Pagination: By default, most list pages show 10 items per page. Pagination can be found at the bottom-right of the page, but it's subtle and can be easy to miss! The pagination allows you to move through pages, but also to change how many items show per page. screen shot of pagination showing the options for how many items to show per page

Notebooks

Notebooks are where you write ad hoc code to interact with all the remote resources that make up or are produced by the Pipelines you run on Kubeflow. You can use them to load environments and images, call code you have saved remotely, interact with data, files, or other resources that are the inputs or outputs to your workflows, and more. Each Notebook is actually a whole project on its own server, which can contain any number of files - including Jupyter Notebooks (.ipynb) - for you to interact with or output.

Notebooks List View

On the Notebooks page, you can see all of these projects listed.

screen shot of Notebooks list

Notebook Detail View

Clicking on one of the Pod Names shows details about its configuration, including applied Volumes, Environment, but also the resources allocated, as well as its history (condition, events, logs).

screen shot of Notebook detail showing allocated resources, environment, and some conditions

To interact with the files in one of these projects, click CONNECT, which is a button at the top of the detail view, or a link on each item towards the right of the list view.

Create New Notebook

You can create a new Notebook by clicking the New Notebook button on the list view.
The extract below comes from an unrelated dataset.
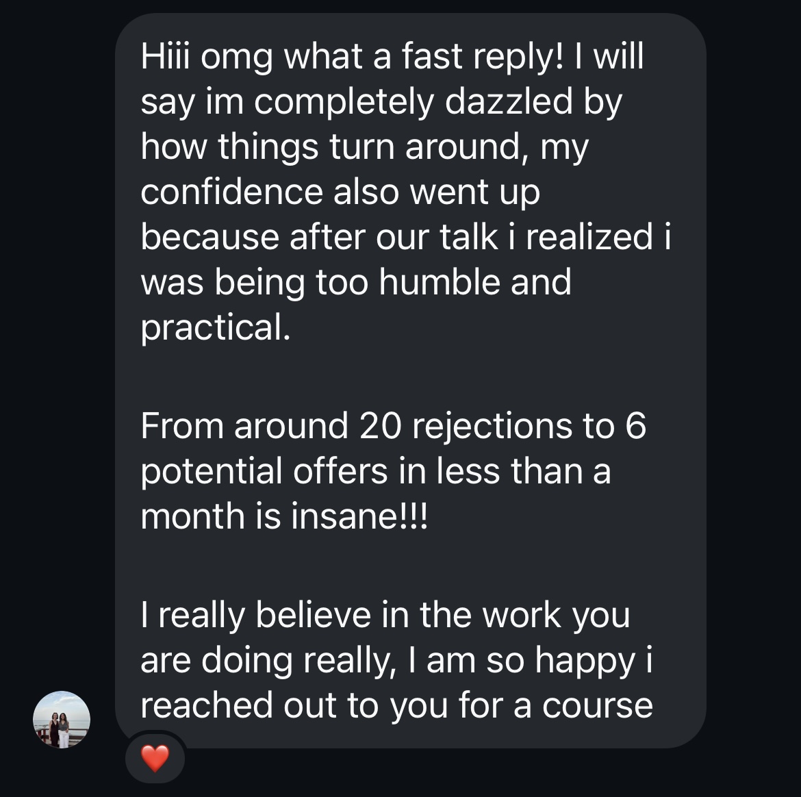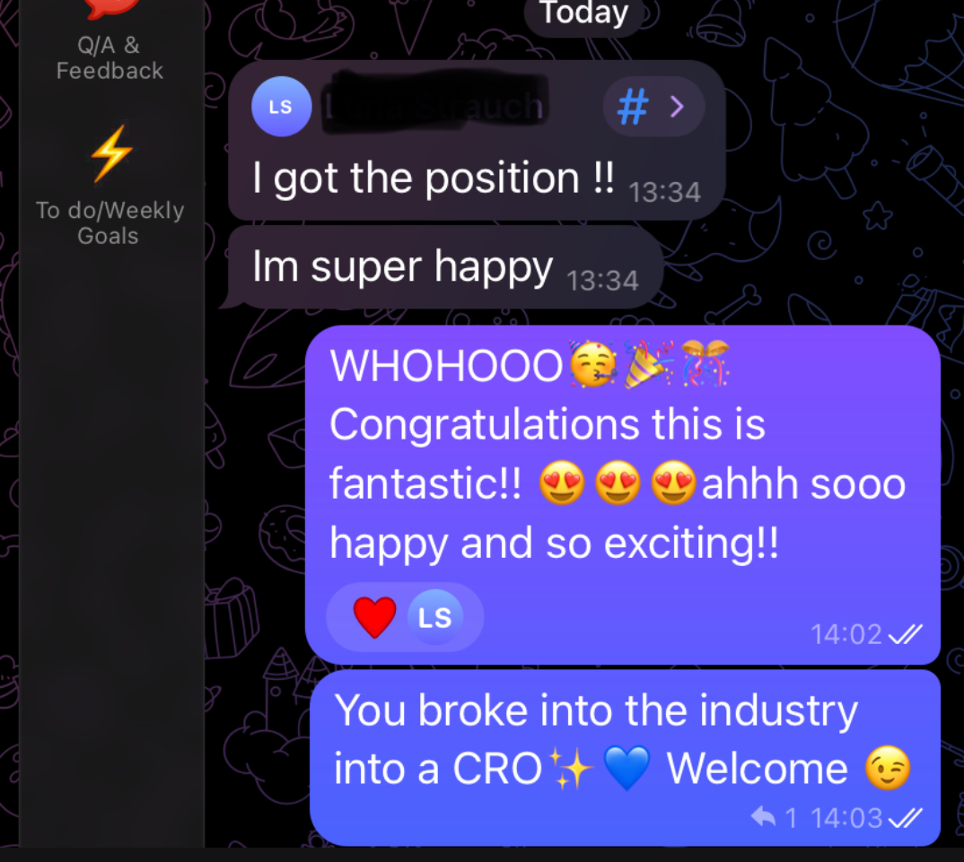 She came to me because she kept getting job rejections. We aligned her CV and positioning for precision medecines roles after decided clinical research wasn't her aspirations anymore. She networked on Linkedin with department heads at and landed her dream role after 2 interviews! Her salary exceeded her expectations too! Ooof, BIG WIN.

From there, you will need to name the Notebook project, choose the type, allocate resources, create a new Workspace Volume, and either create a new Data Volume, or assign an existing one.

screen capture of assigning an existing Data Volume when creating a Notebook

Note: If the Notebook is to be used for creating Pipelines, you must explicitly "Allow access to Kubeflow Pipelines" in the configuration section's Advanced Options:

screen capture of allowing access to Kubeflow Pipelines when creating a Notebook

Pipelines

Pipelines are where all the different components - including code and images stored remotely, such as the three scrapers - are pulled together into a workflow. In Lieutenant Planckster, these Pipelines are configured using YAML files that are created within corresponding Notebooks.

Pipelines List View

The Pipelines page shows a list of all the Pipelines that have been set up. You can click on the little triangle to the left of any of them to see the various versions that have been saved.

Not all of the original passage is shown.